It never ceases to amaze me how easy it is for me to lose contact with the part of myself that generates my emotional experience. Does the same happen to be true for you?
There has been a great deal of research that shows that many people who work in the “helping professions” (and this very much includes stay at home mothers) suffer from what has become known as “Compassion Fatigue” or “Helping Profession Syndrome.” You can become so focused on helping others that you lose touch with how important it is to also help yourself.
I write about this now because of an experience I had yesterday; that might very much speak to your experience as well.
My legs have bothered me since I was a young child. I often have pain in my knees, and it is exactly this condition that led me to become involved in my life’s work. I am known as a skillful bodyworker and yet I find that I rarely use my bodyworking skills on myself. I seem to forget that the skills and sensitivity I use to help others can also be used for ME.
Yesterday my left knee was bothering me, and I finally decided to take the time to help myself.
I sat on the floor with my left leg fully extended. I then took a minute to center as I felt my leg as it was at that moment. Next, I used my hands to feel what my leg wanted to have done to it. I felt for the sore spots and I began to gently and lovingly massage my leg.
Breathing deeply, I massaged my leg slowly and tenderly, yet firmly. I asked my leg to tell my hands what it wanted, and I asked my hands to communicate a story to me of what my leg was saying. I “heard” my leg say, “I am tired and I don’t feel like I am getting enough help in supporting and carrying the heavy load I have to tend with.”
My leg also said, “I feel somewhat neglected and taken for granted. I don’t really feel like I am fully appreciated for fulfilling a challenging task.”
“Hmm…” I thought to myself, “Doesn’t sound all that different from what the rest of me sometimes says!”
Next, I used my hands to reply to my leg.

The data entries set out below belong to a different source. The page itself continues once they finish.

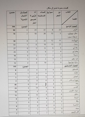 الفضاء الفلسطينيّ: خصَّص الشّاعر 10 قصائد تحمل عناوين لأسماء بلدان فلسطينيّة، وذكرت هذه البلدان 149 مرّة من 942 مرّة وهذا يساوي 16%. (أنظر الملحق رقم 2)
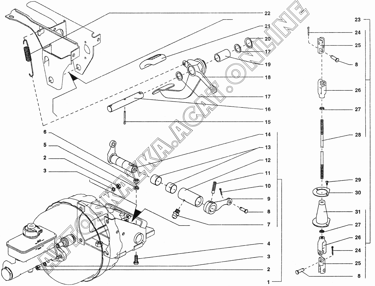 | Название детали: | Установка привода главного цилиндра тормозов |
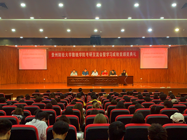 5月21日下午,老虎机游戏在线玩-免费经典老虎机试玩平台 于图书馆负一层报告厅召开考研经验交流会暨学习成效奖颁奖典礼。贵州财经大学副校长葛建军、老虎机游戏在线玩-免费经典老虎机试玩平台 院长焦建军、党委副书记(主持工作)周剑云、副院长冯大河、学院教师代表和各年级辅导员、全体非毕业生参加了本次交流会和典礼活动。活动由院党委副书记李书主持。
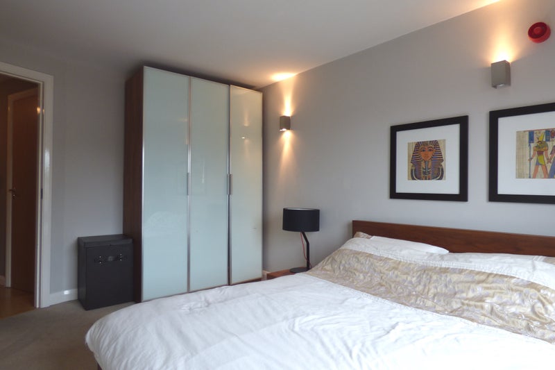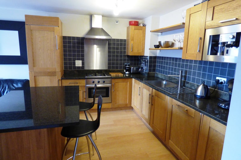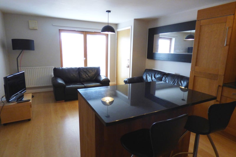 The apartment comes furnished. There is a spacious open plan living kitchen with ample units and a breakfast bar. Appliances include an integrated coffee machine, tall fridge freezer, oven and hob, washing machine, microwave and dishwasher. French windows with Juliet balcony flood light into the room.

Through my touch I communicated,
“I love you.”
Then I said, “I am sorry for not being more attentive, responsive, and appreciative.” Through my touch I said, “I really care about you and I am going to establish a closer relationship with you from here on out.”
Finally I said, “I very much want to hear from you, without your needing to use pain to shout at me. I will be more attentive to, and more appreciative of our relationship.”
I sat there for a few moments, breathing loving energy through my hands into my leg.
After a while I heard a soft whisper.
“I love you, and I have been very lonely, waiting for you to show up. Thank you so much for caring about me.”
And those words really moved me.
I came away from this experience with a sense of being whole and healthy. I had become one with myself, in love.
The experience I describe does not require any learned skills. All you need to do is take some time and have a heartfelt appreciation for yourself and your needs. When it is all said and done, THE most significant person to enter into a relationship of love and service with is yourself! There is no more important person to love, than yourself.